This ordinance will ensure that all workers in Portland will earn at least $15 per hour by 2019. Employers having 500 employees or fewer will transition over four years. Employers having more than 500 employees will transition by 2017. The applicable tip credit allowed by the State is not changed, meaning that tipped workers must be paid at least $11.25 per hour plus tips, but not totaling less than the normal $15 per hour minimum wage. After 2019, the minimum wage will be adjusted every year to keep pace with inflation. The minimum wage will be enforced by the Portland City Manager and/or designees of the City manager. An exemption is included stating that City employees are not protected by this minimum wage, but this exemption may be removed by the City at any time.

ARTICLE I Purpose.
WHEREAS, the City of Portland is a home-rule unit of government under the Maine Constitution and 30-A M.R.S. §3001 and, as such, may exercise any power and perform any function in order to protect health, safety and welfare of the citizens of the City; and
WHEREAS, promoting the welfare of the City’s citizens and those who work within the City’s borders is an endeavor that plainly meets this criterion; and
WHEREAS, small, locally owned businesses are essential to a thriving economy because they keep assets within the community and offer opportunities for citizens to become entrepreneurs; and
WHEREAS, people living at or near poverty can not regularly patronize businesses because they do not have sufficient disposable income or assets; and
WHEREAS, an estimated 20,000 workers in the State of Maine work for minimum wage, and a substantial number of Maine's minimum wage workers are among the City off Portland's 65,000 wage and salary earners; and
WHEREAS, more than 50 percent of Portland public school students live in families that can not afford to provide lunches for their children without subsidies; and
WHEREAS, rising housing costs, including an increase in the median home price from $125,200 in 2000 to $238,400 in 2012 and a similar increase in the costs of renting, are pushing low wage workers out of the City; and
WHEREAS, an increase in wages will better permit citizens to participate in the economy; and
WHEREAS, after years of inaction by the United States Congress and Maine Legislature it is time for municipalities to do what they can to lift families out of poverty and stimulate the economy by raising the minimum wage; and
WHEREAS, the income of large businesses nationally has been sufficient to support salaries of CEOs that average 774 times as much as minimum wage earners, establishing that on average larger businesses are better able to afford the cost of more quickly increasing worker wages; and
WHEREAS, phasing in the wage increase over time will allow all businesses to increase wages as their revenue from increased citizen support increases; and
WHEREAS, changes to wages of City employees can not be made through the citizen initiative process and so City employees must, regretfully, be left out of this ordinance;
NOW, THEREFORE, to promote the health, safety and welfare of its citizens and businesses, the City Council of the City of Portland, Maine hereby establishes the following minimum wage ordinance applicable to all Employers and Employees within the City of Portland:

ARTICLE II Definitions.
Unless the context otherwise indicates, the following words shall have the following meanings.
City: City of Portland.
City limits: The physical boundaries of the City.

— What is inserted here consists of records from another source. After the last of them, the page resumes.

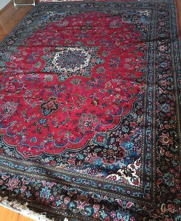Qırmızı tonların üstünlük təşkil etdiyi klassik naxışlı böyük ölçülü xalça. - Üslub: Şərq/iran Təbriz xapçasımərkəzdə iri medalyon kompozisiyası - Rəng palitrası: tünd qırmızı fon, tünd lacivərt ...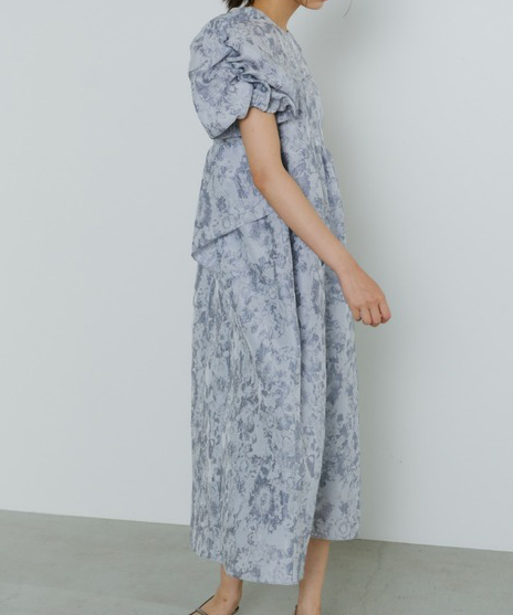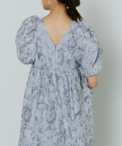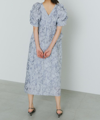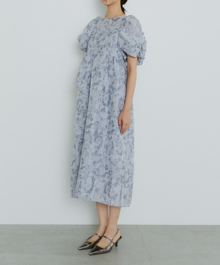 上品な光沢を放つジャカード生地を贅沢に使用した、華やかでガーリーなボリュームドレス。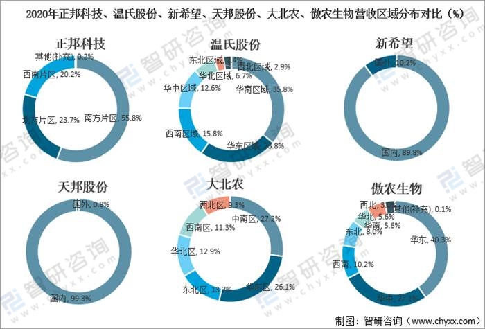 2020年正邦科技、溫氏股份、新希望、天邦股份、大北農、傲農生物營收區域分布對比(%)

Employee: Any person who performs work for an Employer for monetary compensation within the City limits. “Employee” shall include persons who perform work for an Employer on a full-time, part-time, seasonal or temporary basis. “Employee” shall not include any person who is exempted from the definition of Employee under 26 M.R.S. §663(3) of Chapter 7, Employment Practices. Employees include but are not limited to Tipped Employees.

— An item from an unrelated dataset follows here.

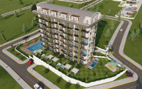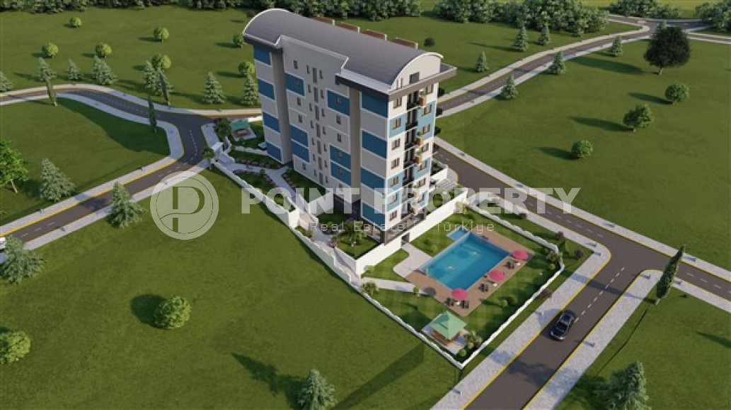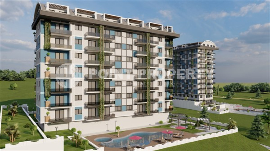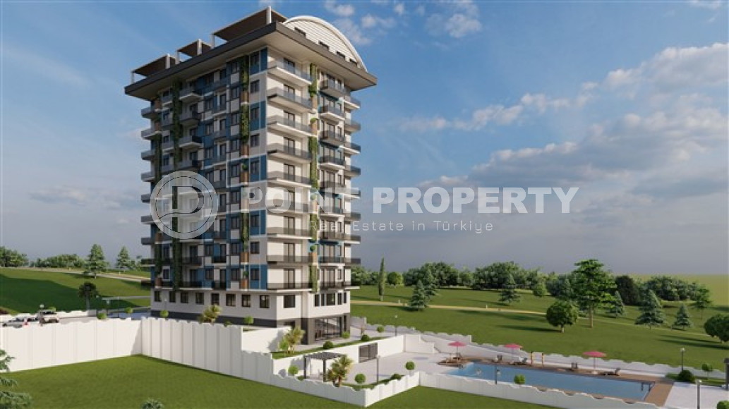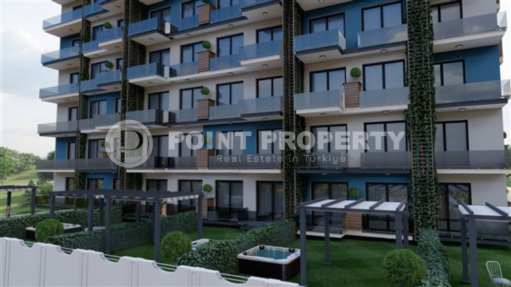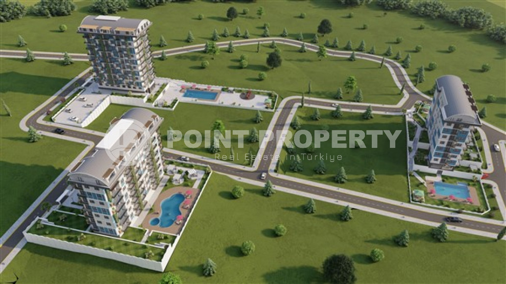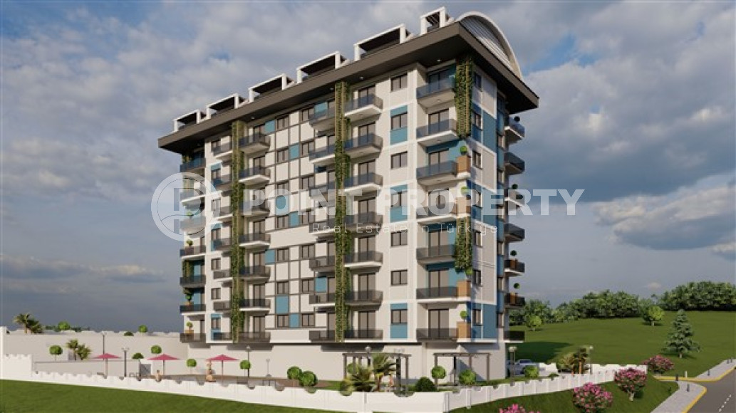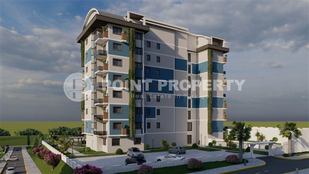 At a distance from the beaches of the Demirtas district, at a distance of two kilometers and one kilometer from its central square, construction of a new luxury complex consisting of three eight-story buildings has begun. The completion date of the work has been determined as 12/30/2024. Without any doubt, the apartments in this residence will be handed over to buyers within the specified period with full finishing, equipped with kitchen units, air conditioners, flooring, windows, and other things necessary for living.

Employer: Any individual, group of individuals, partnership, association, corporation, business trust, or any other entity or group of persons or entities who employs or exercises control over the wages, hours, or working conditions of any Employee.
Franchise: A written agreement by which an individual or any other entity or group of persons or entities is granted the right to engage in the business of offering, selling, or distributing goods or services under a marketing plan prescribed or suggested in substantial part by the grantor or its affiliate, and by which the operation of the business is substantially associated with a trademark, service mark, trade name, advertising, or other commercial symbol, and by which the person pays, agrees to pay, or is required to pay, directly or indirectly, a franchise fee.

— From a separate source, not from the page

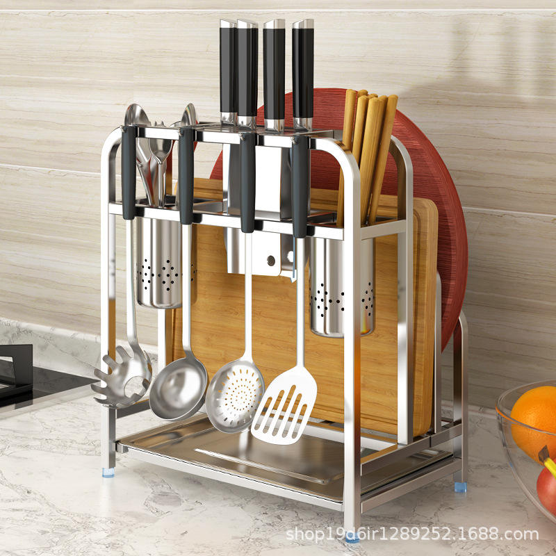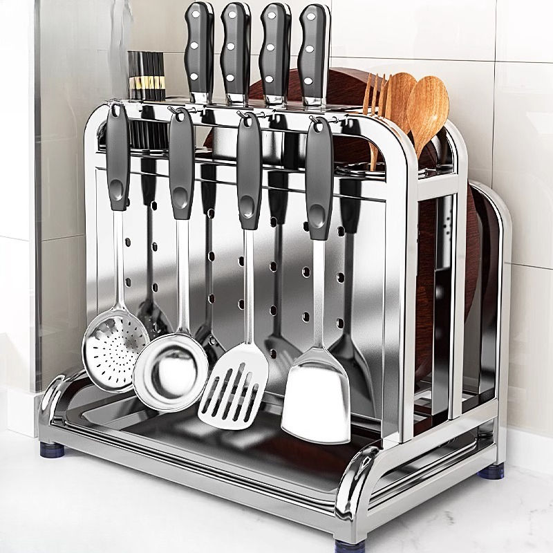 Wholesale 304 Stainless Steel Wall Mounted Double Tier Knife Holder Kitchen Rack Multi-functional Sustainable Storage for Tools

Franchisee: An individual or any other entity or group of persons or entities to whom a Franchise is offered or granted.
Franchisor: An individual or any other entity or group of persons or entities who grants a Franchise to someone else.
Schedule A Employer: Any Employer that employs more than 500 Employees in the United States, regardless of where those Employees are employed in the United States, or is a Franchisee associated with a Franchisor or a network of Franchises with Franchisees that employ more than 500 Employees in the United States, regardless of where those Employees are employed in the United States.
Schedule B Employer: Any Employer that is not a Schedule A Employer.
Minimum Wage: The minimum hourly rate of monetary compensation that an Employer shall legally pay an Employee for work within the City.
Schedule A Minimum Wage: The Minimum Wage for Schedule A Employers.
Schedule B Minimum Wage: The Minimum Wage for Schedule B Employers.
Tip: A sum presented by a customer as a gift or gratuity in recognition of some service performed by the Employee.
Tipped Employee: Any Employee engaged in an occupation in which he or she customarily and regularly receives more than $30.00 a month in Tips from customers.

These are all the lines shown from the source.